**Problem to work on:** Your output must consist of the records printed verbatim, with the pictures excluded.

Material provided Start Marker

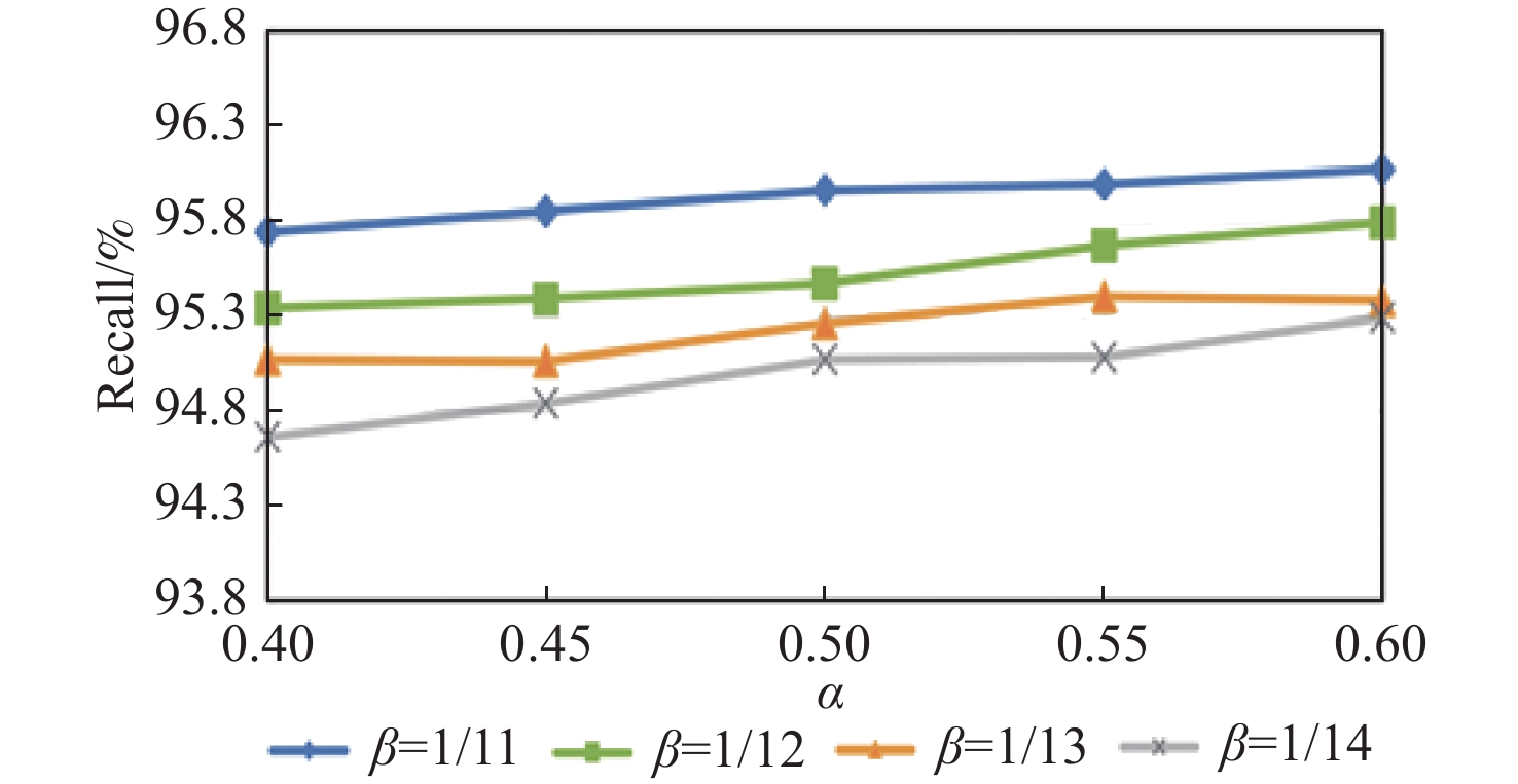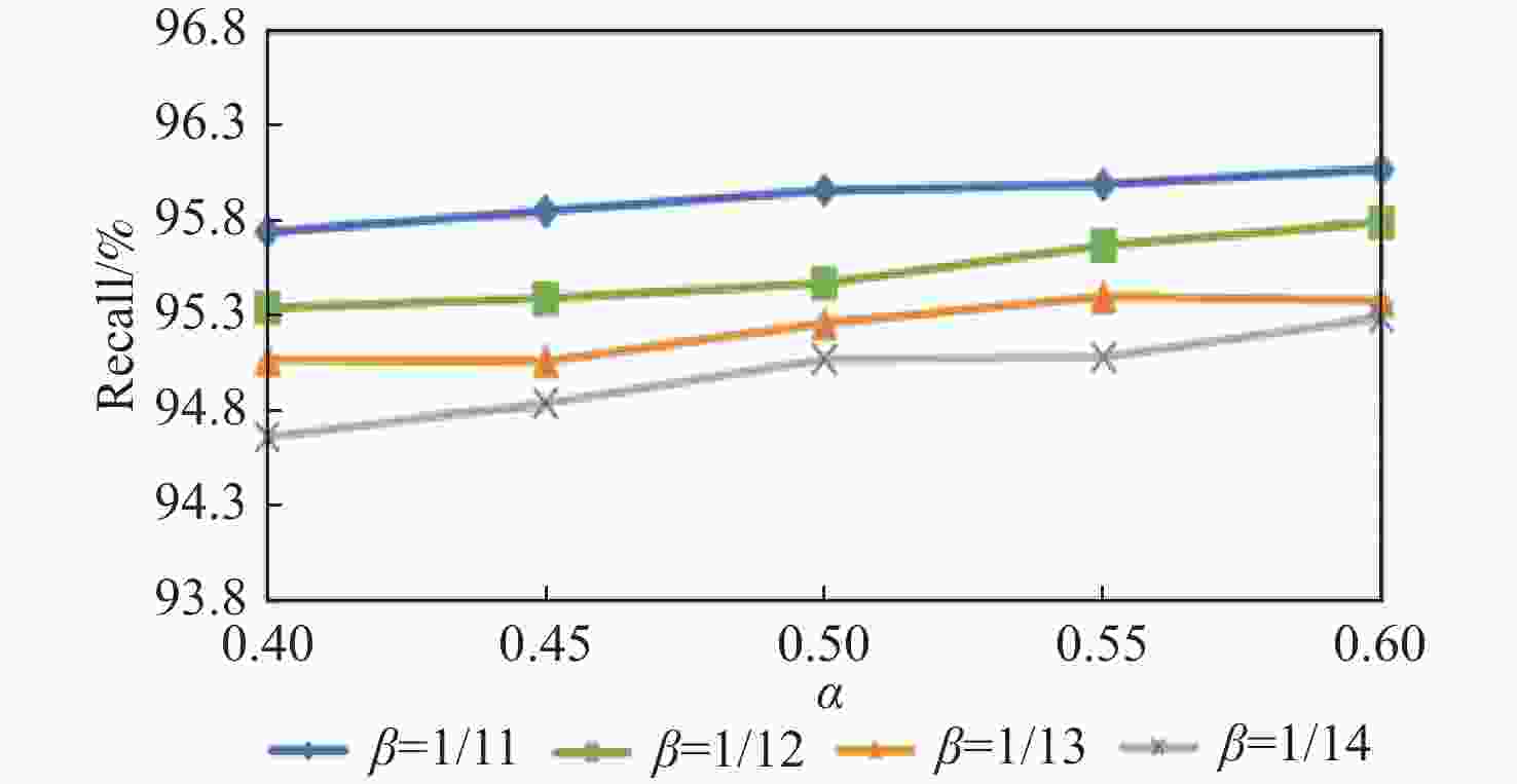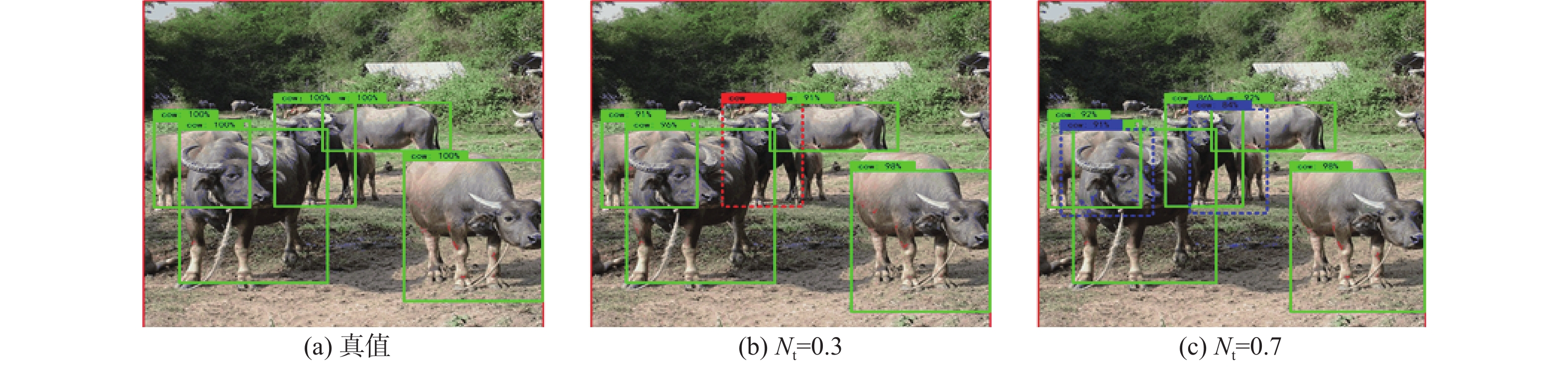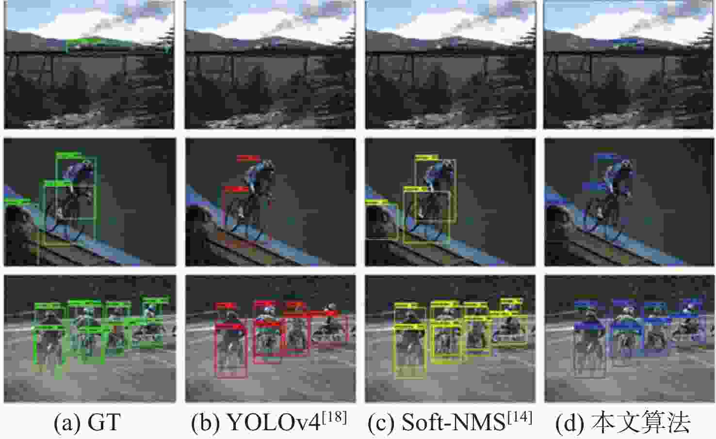 基准算法 阈值 ASPP AMCM mAP/% Recall/% MR−2/% YOLOv4 ${N_{\mathrm{t}}} = 0.5$ 81.8 89.5 23.4 √ 82.9 90.4 22.8 √ 83.2 91.0 22.3 表 3 ADT-NMS在PASCAL VOC上的有效性分析
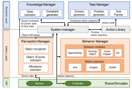 The system proposed in this study has a task manager, a system manager, an action library, a perception manager, and a behavior manager similar to the architecture proposed in our previous research [35,36], and in this paper a knowledge manager is modified to assign social constraints, which are constraints to reflect social behavior in motion. The relationship between the modules is shown in Figure 1.
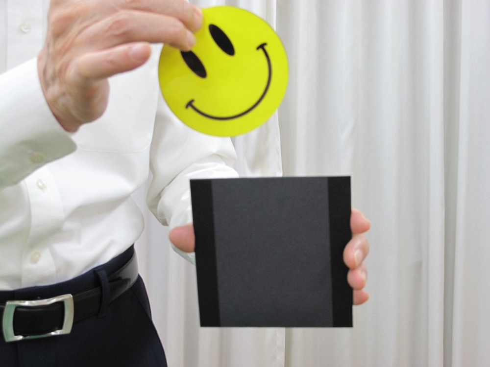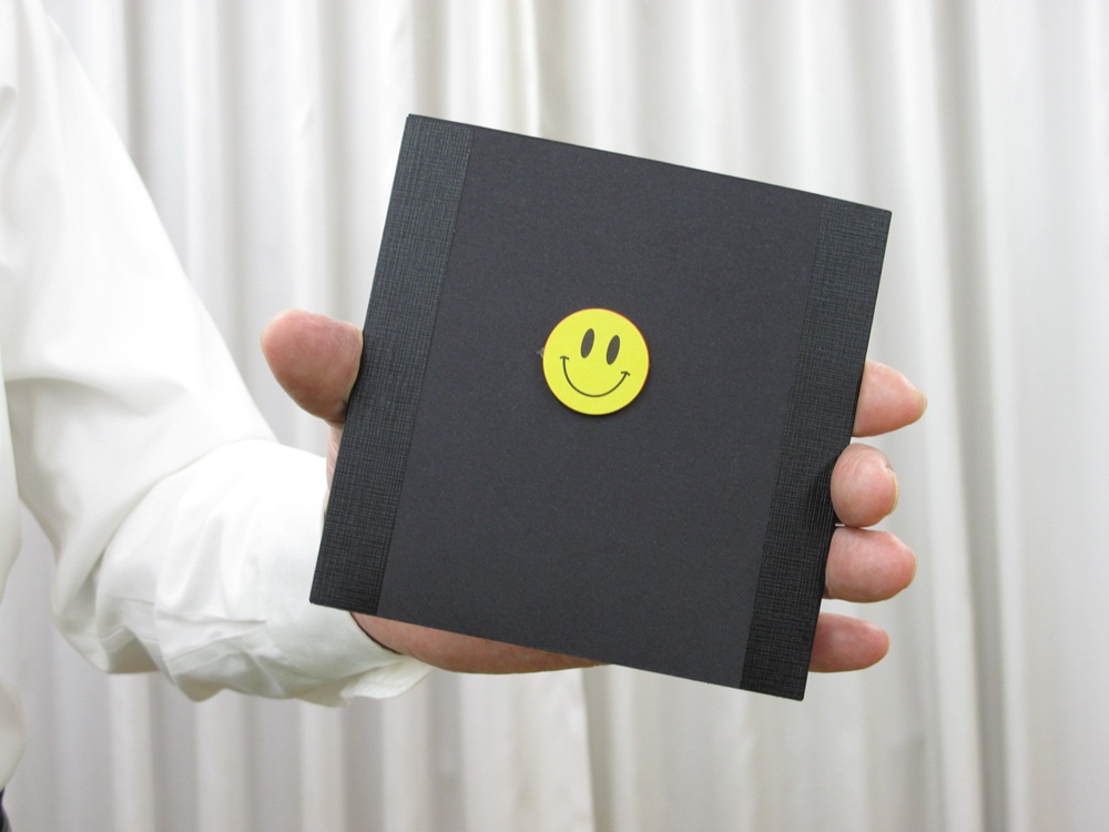 黒いケースに小さなスマイルディスクが付いています。スマイルを取ります。ケースの中は空っぽです。スマイルディスクをケースの中に入れておまじないをかけると・・・・・ディスクは大きくなって出てきます。もう一度、大きくなったディスクをケースに入れておまじないをかけると!!
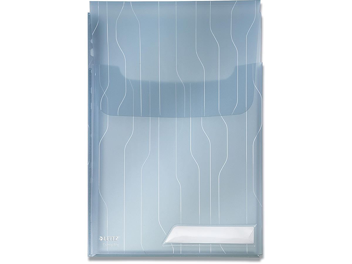 Fleksibel omslag og lomme med unik fold-ud hulkant. Den ekspanderende 20 mm fold gør lommen perfekt til store dokumenter og kataloger. Topflap for optimal beskyttelse af indhold. Attraktivt præget design på PP folien.
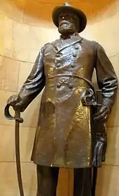 In 1905, Colvill traveled to the Soldiers Home in Minneapolis to attend a reunion of the veterans of the First Minnesota. While there, he died in his sleep on June 13.[1] He is buried in the Cannon Falls Community Cemetery in Cannon Falls, Minnesota. His original statue sits atop a shady hill where it overlooks the cemetery. In 1928, President Calvin Coolidge was present for the dedication of a statue that was placed next to his grave.
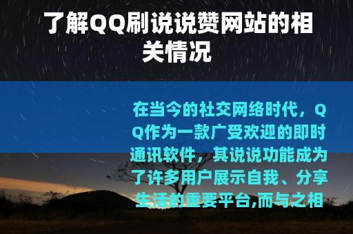 在当今的社交网络时代,QQ作为一款广受欢迎的即时通讯软件,其说说功能成为了许多用户展示自我、分享生活的重要平台,而与之相关的QQ刷说说赞网站也逐渐进入了人们的视野。

Material provided End Marker

**Written solution:**
 基准算法 阈值 ASPP AMCM mAP/% Recall/% MR−2/% YOLOv4 ${N_{\mathrm{t}}} = 0.5$ 81.8 89.5 23.4 √ 82.9 90.4 22.8 √ 83.2 91.0 22.3 表 3 ADT-NMS在PASCAL VOC上的有效性分析
 The system proposed in this study has a task manager, a system manager, an action library, a perception manager, and a behavior manager similar to the architecture proposed in our previous research [35,36], and in this paper a knowledge manager is modified to assign social constraints, which are constraints to reflect social behavior in motion. The relationship between the modules is shown in Figure 1.
 黒いケースに小さなスマイルディスクが付いています。スマイルを取ります。ケースの中は空っぽです。スマイルディスクをケースの中に入れておまじないをかけると・・・・・ディスクは大きくなって出てきます。もう一度、大きくなったディスクをケースに入れておまじないをかけると!!
 Fleksibel omslag og lomme med unik fold-ud hulkant. Den ekspanderende 20 mm fold gør lommen perfekt til store dokumenter og kataloger. Topflap for optimal beskyttelse af indhold. Attraktivt præget design på PP folien.
 In 1905, Colvill traveled to the Soldiers Home in Minneapolis to attend a reunion of the veterans of the First Minnesota. While there, he died in his sleep on June 13.[1] He is buried in the Cannon Falls Community Cemetery in Cannon Falls, Minnesota. His original statue sits atop a shady hill where it overlooks the cemetery. In 1928, President Calvin Coolidge was present for the dedication of a statue that was placed next to his grave.
 在当今的社交网络时代,QQ作为一款广受欢迎的即时通讯软件,其说说功能成为了许多用户展示自我、分享生活的重要平台,而与之相关的QQ刷说说赞网站也逐渐进入了人们的视野。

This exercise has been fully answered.